Technical assessment of large-scale integration of Solar electrification in energy systems in kenya

Abstract

Kenya has witnessed a significant increase in electricity demand, reaching 1.5 GW in 2022 compared to a production of 12.65 TWh. This growth is primarily driven by population expansion and industrialization. However, continued reliance on fossil fuels remains environmentally unsustainable. To address this, the Kenyan government has set a target of achieving 100% renewable energy integration by 2030, with a strong emphasis on solar and wind energy.
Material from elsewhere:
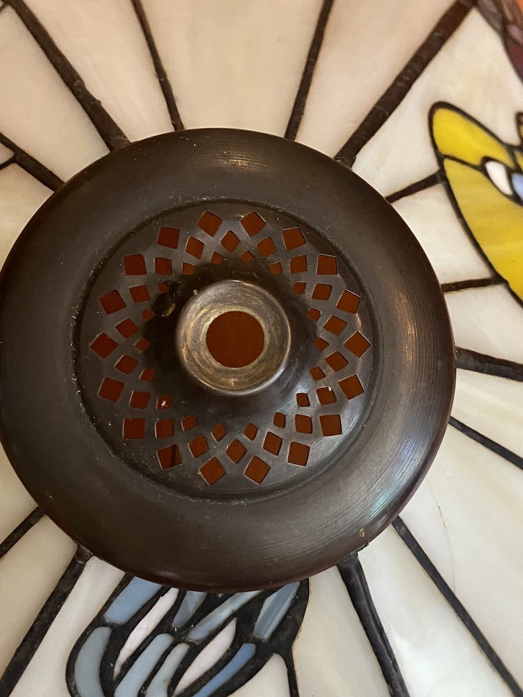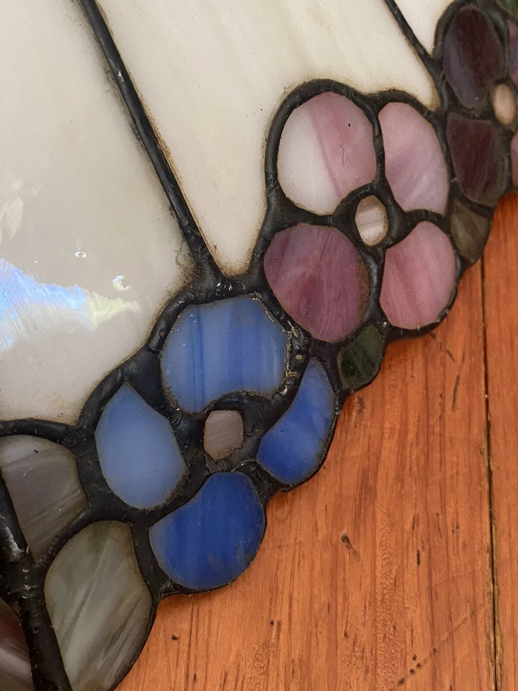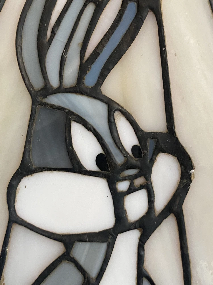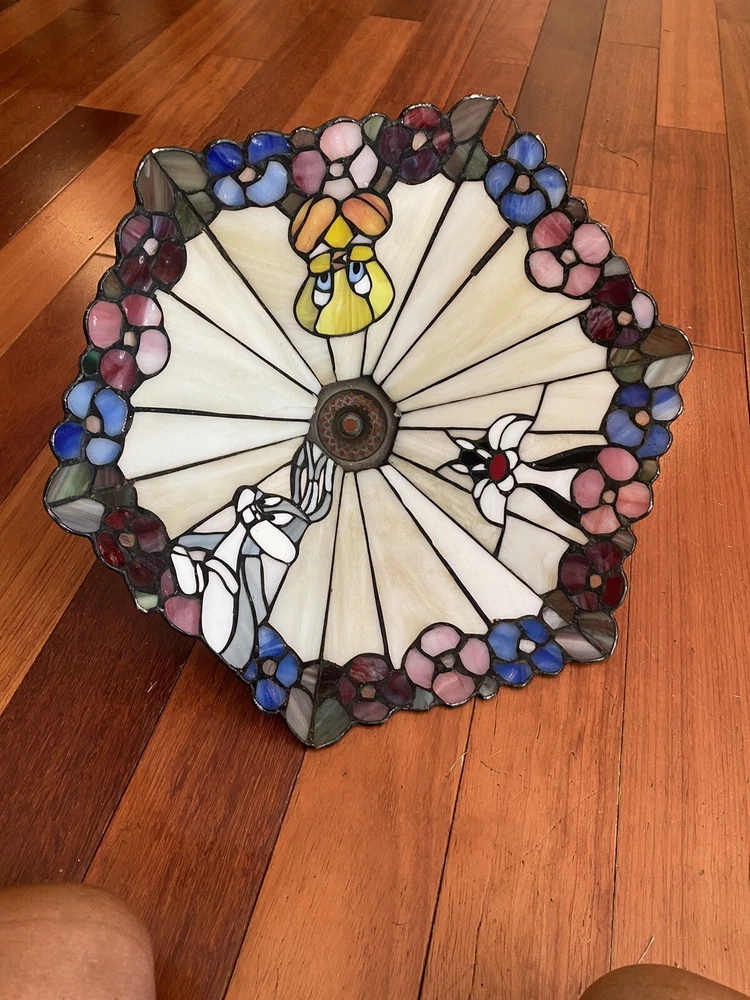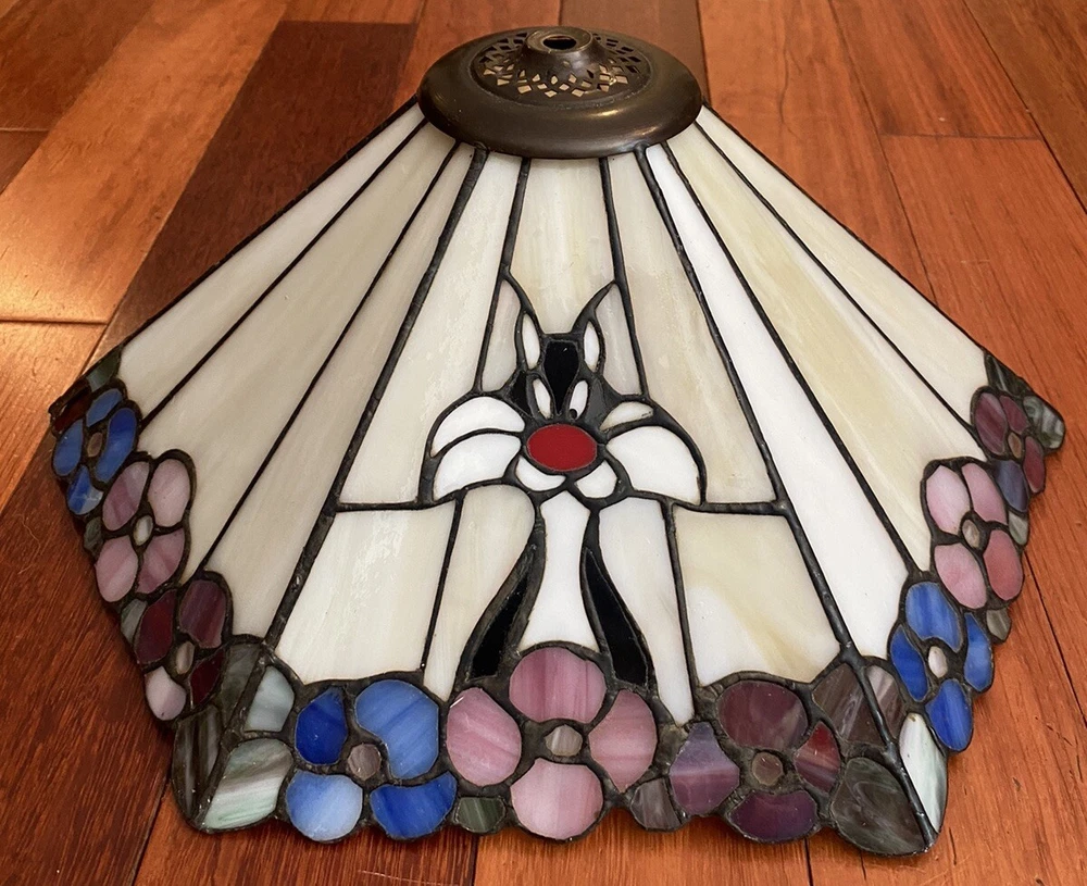 This vintage Dale Tiffany Lamp features Sylvester, Bggs Bunny andTweety from the famous Looney Tunes franchise. The lamp is made of stunning stained glass and is an interactive piece, perfect for any Looney Tunes fan. The lamp is a great addition to any collection and is sure to bring a smile to anyone's face. The shade measures 9" tall and the width across the bottom is 14". This is a very solid piece but please see last 2 pictures. There is a small piece of glass missing at the rim and a crack shown in one of the cream sections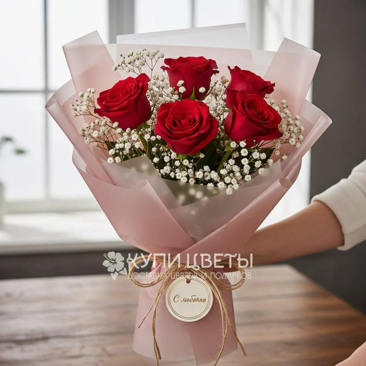 когда страсть встречается с нежностью, рождается волшебный букет из 5 красных роз с гипсофилой. Пылающие сердца роз, окруженные сияющей дымкой гипсофилы, рассказывают историю безграничной любви и чистых намерений. Этот изумительный подарок – символ преданности и красоты, способный растопить любое сердце.

With its abundant solar resources, Kenya has the potential to generate more solar power than its total electricity demand. This thesis investigates the feasibility and impact of large-scale integration of solar power systems into Kenya’s energy mix. EnergyPLAN tool was employed to simulate hourly energy production and demand, enabling a comprehensive assessment of the technical, economic, and environmental implications. Cross-sectoral analysis was conducted to evaluate interdependencies and sectoral dynamics. A novel Whale Optimization Algorithm (WOA) based Maximum Power Point Tracking (MPPT) algorithm was developed in MATLAB and benchmarked against conventional methods, including Incremental Conductance, Fuzzy Logic, and Particle Swarm Optimization (PSO). Simulation results showed a 32% increase in solar power capacity—from 212.5 MW (6.8% of total generation) to 4,601 MW—at an annual cost of KSh 145.5 billion, compared to KSh 186.9 billion under the baseline scenario. With further solar power integration, optimal generation reached 10.01 TWh (39.56% of total), while renewable electricity output increased from 11.90 TWh to 19.76 TWh. CO₂ emissions dropped significantly from 0.134 Mt to 0.021 Mt, and total annual production costs decreased to KSh 134.3 billion. These findings demonstrate that optimized solar power integration offers substantial benefits in cost savings, emissions reduction, energy security, and system reliability. Sectoral Innovation System (SIS) analysis revealed that global cost declines primarily drive solar power adoption, with minimal local adaptation needed. The proposed WOA-based MPPT algorithm achieved a tracking efficiency of 99.95% with a steady-state error of 0.04%, outperforming PSO (99.7% efficiency, 0.2% error). Although PSO successfully tracked the global maximum power point, its dynamic response was inferior to that of the developed WOA-based MPPT system.